There is a "power needed" field in the class design window. Otherwise, your weapons will be able to use as much power as your capacitor tech can provide. In this case, your railgun needs 12 power to fire, and can get 5 power each turn due to capacitor tech. That's why you can fire once every 3 5-seconds increment (ROF 15). It also mean that each railgun need 5 reactor power per 5 second increment.
Title: Re: The Bejing
Post by: Borealis4x on May 12, 2016, 06:19:03 PM
Okay, at this point I feel the only way I will make any progress is actually building something and getting into a fight. So here is the final model that I am definitely now building.

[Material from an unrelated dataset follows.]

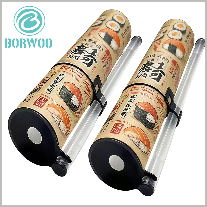 Made of food-grade safe material, this practical sushi push up pop tube features a 50mm diameter and 220mm height, perfect for sushi storage and on-the-go serving. It is equipped with a dedicated plastic tube (10mm diameter, 220mm height) designed to hold sushi condiments like wasabi and soy sauce. The tube has a black base with a pre-drilled hole for the push mechanism, and an internal plastic round tray that securely holds sushi rolls—simply insert the plastic tube through the base hole to push the tray upward and dispense sushi from the top with ease. Custom printing is available on the container, ideal for showcasing your brand logos and product information to boost brand promotion and product exposure.

Alexandria class Cruiser    30,000 tons     737 Crew     5354.6 BP      TCS 600  TH 1080  EM 0
3600 km/s     Armour 12-86     Shields 0-0     Sensors 44/1/0/0     Damage Control Rating 28     PPV 192
Maint Life 2.08 Years     MSP 2008    AFR 399%    IFR 5.6%    1YR 621    5YR 9321    Max Repair 405 MSP
Intended Deployment Time: 2 months    Spare Berths 1   
Magazine 72   

Mitsubishi-Honda Consortium 540 EP Ion Drive (4)    Power 540    Fuel Use 115.74%    Signature 270    Exp 15%
Fuel Capacity 4,000,000 Litres    Range 20.7 billion km   (66 days at full power)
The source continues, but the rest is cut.